Am I saying that the intuitions of yogic inquiry are meaningless? Of course not. We practice and sometimes become less reactive. We practice and sometimes become more connective, more intersubjective. We practice and sometimes worlds shimmer, open and close. We practice and sometimes we can slow down and remember things. (Sometimes this isn’t good.) And when we vaccinate a child, they don’t get diphtheria.
We who practice today are an inextricable braiding of breath and penicillin, yoga straps and seatbelts, coconut oil and fluoride, prenatal yoga classes and pitocin, meditation and ritalin, pennyroyal and advil, breastmilk and formula, organic and processed, essential oils and anticoagulants. We are privileged enough to live in several different worlds at a time and most of us use every influence — and like the memory and family we contain, not without conflict.
But there are those in yoga culture who cannot accept that they live in multiple worlds with many streams of mutually repellant knowledge. (For a sampling, check out my Facebook post of Bell’s article.) Some people can say, probably while sipping FDA-regulated tea: “Sanatana Dharma is a complete and perfect collection of lessons and prescriptions for complete health, evolution and enlightenment.” So we can all just pack it up, I guess. Climate change, Ebola — thank goodness everything’s taken care of.

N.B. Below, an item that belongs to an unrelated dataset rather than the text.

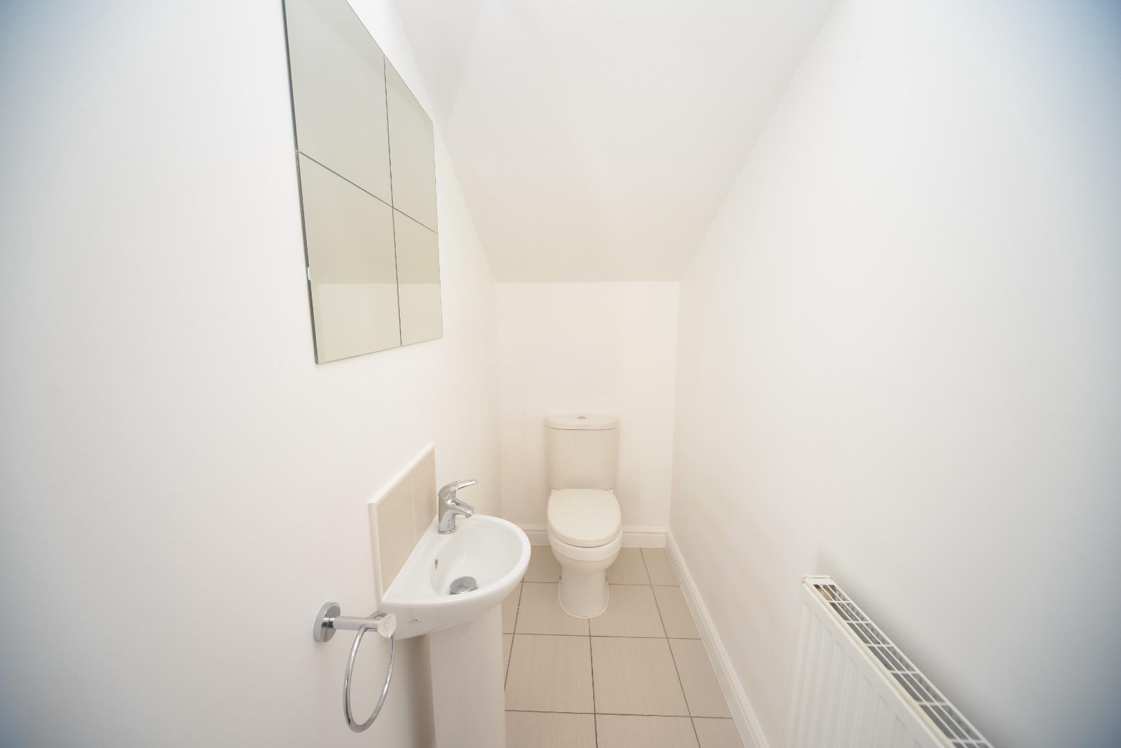 Has tiled flooring, W.C., pedestal hand wash basin with tiled splashbacks, ceiling light point and radiator.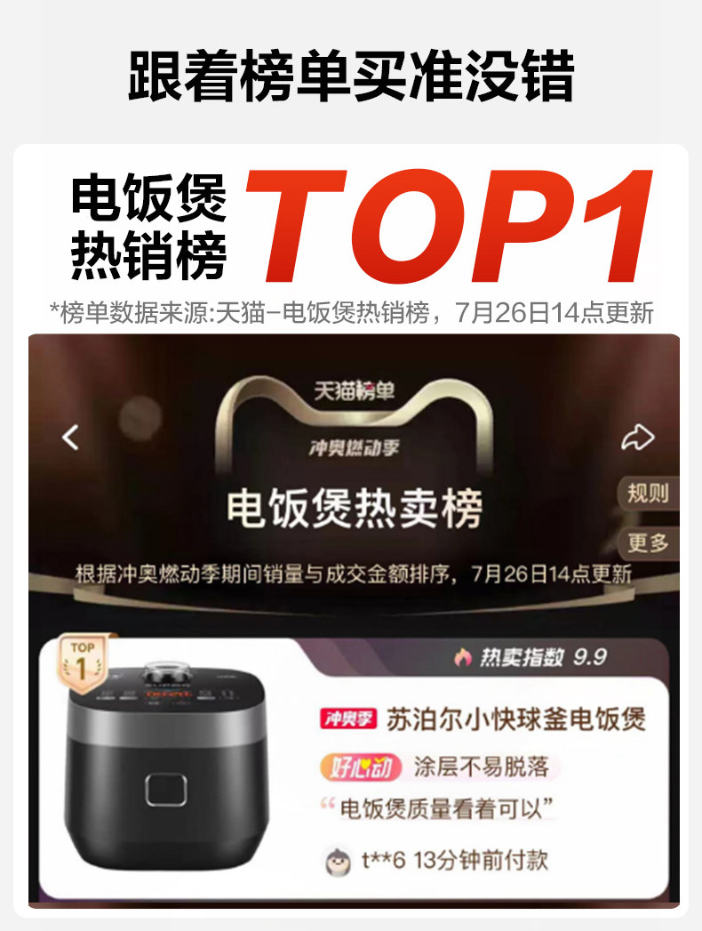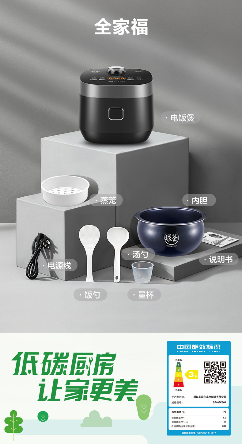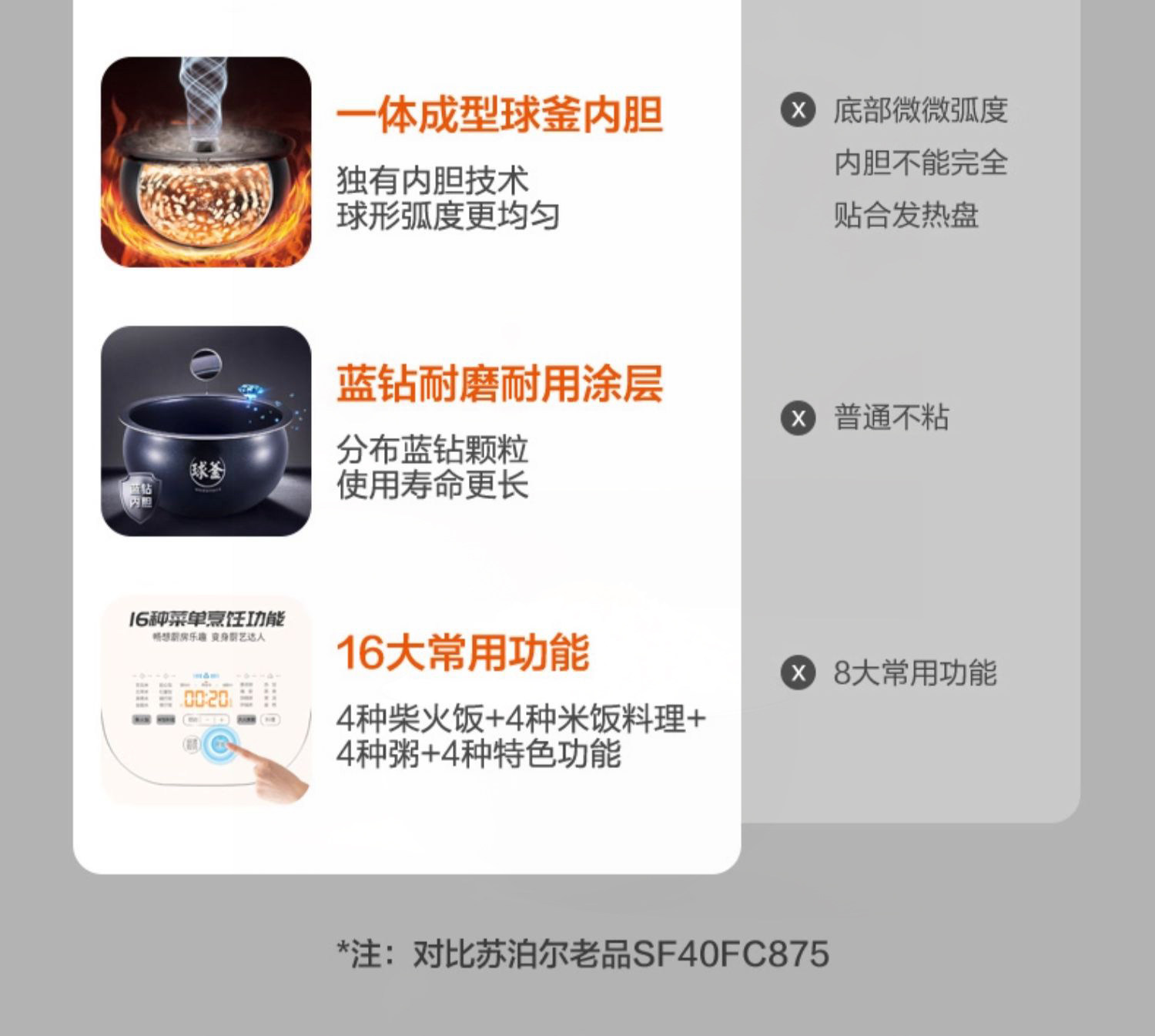 Supor Spherical Rice Cooker 4-Liter Smart Home Large-Capacity Multi-Function Smart Cooker for 3 to 6 People Official Flagship Store

It doesn’t feel safe when you want to know for sure what will work for you and someone else, and you suspect that you can’t. Will you double down on the certainty that polarizes your gut and your community? Will you turn the lab coat into a torture bib, and the dhoti into an angel’s garment? Or vice-versa?
In the end, the doctor and the sage worth their titles tell you the same maddening but ultimately liberating thing: you need help to see yourself clearly, and no method is complete. But which of them will be transparent, look you in the eye, make you feel heard, and make the methods you will explore together open-source? Which one will empower you with the tools to build evidence you can really share? In your moment of need, will they shake hands with each other at your bedside?